Linear Receive Beamforming for CAPA Systems

Abstract

The performance of linear receive beamforming in continuous-aperture array (CAPA)-based uplink communications is analyzed. Three continuous beamforming techniques are proposed under the criteria of maximum-ratio combining (MRC), zero-forcing (ZF), and minimum mean-squared error (MMSE). i) For MRC beamforming, a closed-form expression for the beamformer is derived to maximize per-user signal power. The achieved uplink rate and mean-squared error (MSE) in detecting received data symbols are analyzed. ii) For ZF beamforming, a closed-form beamformer is derived based on channel correlation to eliminate interference.
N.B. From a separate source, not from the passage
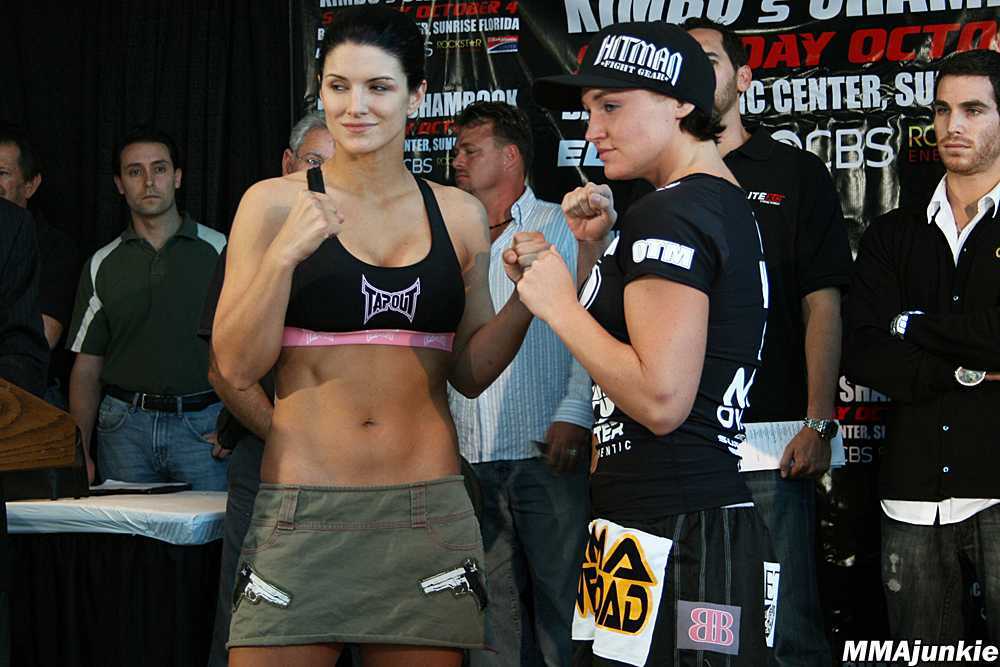 И вот, во время взвешивания перед боем с Кобольд выяснилось, что Карано снова не попадает в весовую. Тогда Джина, дико смущаясь, сняла топ и, прикрывшись полотенцем, встала на весы — перевес все еще оставался. Отчаявшись, Джина сняла с себя все и под светом камер встала на весы. И ей-таки удалось попасть в нужные параметры. Сами понимаете, такой шаг, транслировавшийся в прямом эфире, мгновенно сделал ее звездой. К слову, тот бой Карано выиграла решением судей.

As a further advance, its optimality in maximizing effective channel gain while ensuring zero inter-user interference is proven. iii) MMSE beamforming is established as the optimal linear receive approach for CAPAs in terms of maximizing per-user rate and minimizing MSE. Closed-form expressions are derived for the MMSE beamformer and the achievable sum-rate and sum-MSE. It is mathematically proven that all proposed beamformers lie within the signal subspace spanned by users' spatial responses. Numerical results demonstrate that CAPAs outperform conventional spatially-discrete arrays (SPDAs) by achieving higher sum-rates and lower sum- MSEs under the proposed linear beamforming techniques.